__Input material__
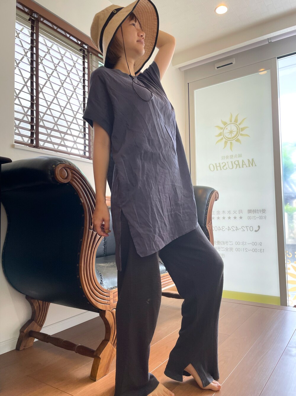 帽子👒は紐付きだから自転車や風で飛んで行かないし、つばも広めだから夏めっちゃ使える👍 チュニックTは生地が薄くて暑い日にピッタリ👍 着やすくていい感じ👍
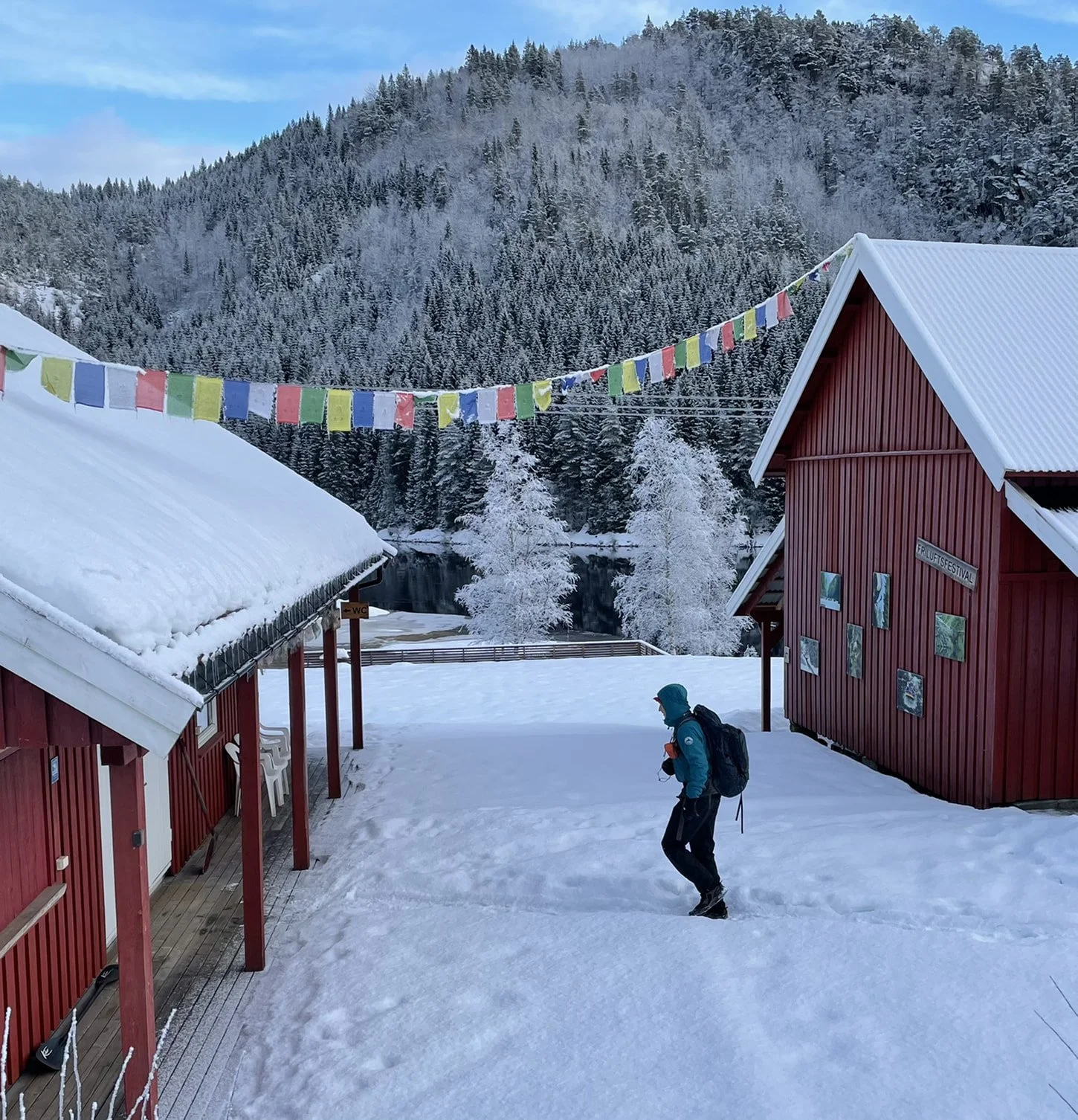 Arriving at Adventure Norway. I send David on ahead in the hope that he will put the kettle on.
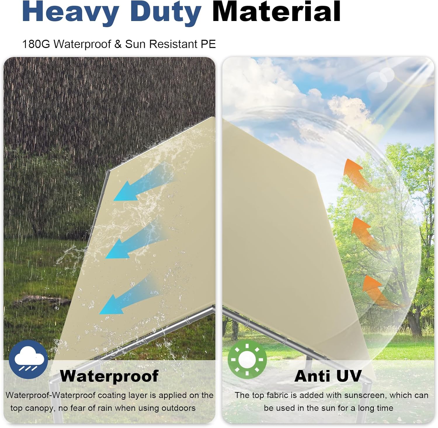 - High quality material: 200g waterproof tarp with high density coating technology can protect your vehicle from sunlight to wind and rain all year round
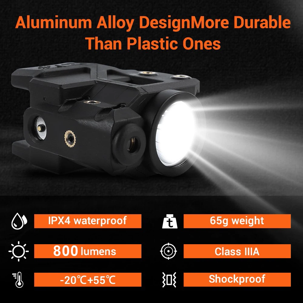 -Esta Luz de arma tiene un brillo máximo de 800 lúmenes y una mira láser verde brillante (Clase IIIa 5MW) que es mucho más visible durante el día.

...

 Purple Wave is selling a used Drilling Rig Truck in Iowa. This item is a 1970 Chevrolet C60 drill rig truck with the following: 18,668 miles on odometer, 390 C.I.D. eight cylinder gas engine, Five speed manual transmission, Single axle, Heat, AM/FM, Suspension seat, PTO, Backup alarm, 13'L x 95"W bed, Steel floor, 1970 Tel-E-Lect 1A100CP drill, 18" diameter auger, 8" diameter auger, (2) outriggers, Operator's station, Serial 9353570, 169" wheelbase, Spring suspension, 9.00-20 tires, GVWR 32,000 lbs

__What you have to do__
Reproduce the lines above beginning at the line that contains "- High quality" and ending at the line that contains "-Esta Luz de". No pictures.

__Response box__
 - High quality material: 200g waterproof tarp with high density coating technology can protect your vehicle from sunlight to wind and rain all year round
 -Esta Luz de arma tiene un brillo máximo de 800 lúmenes y una mira láser verde brillante (Clase IIIa 5MW) que es mucho más visible durante el día.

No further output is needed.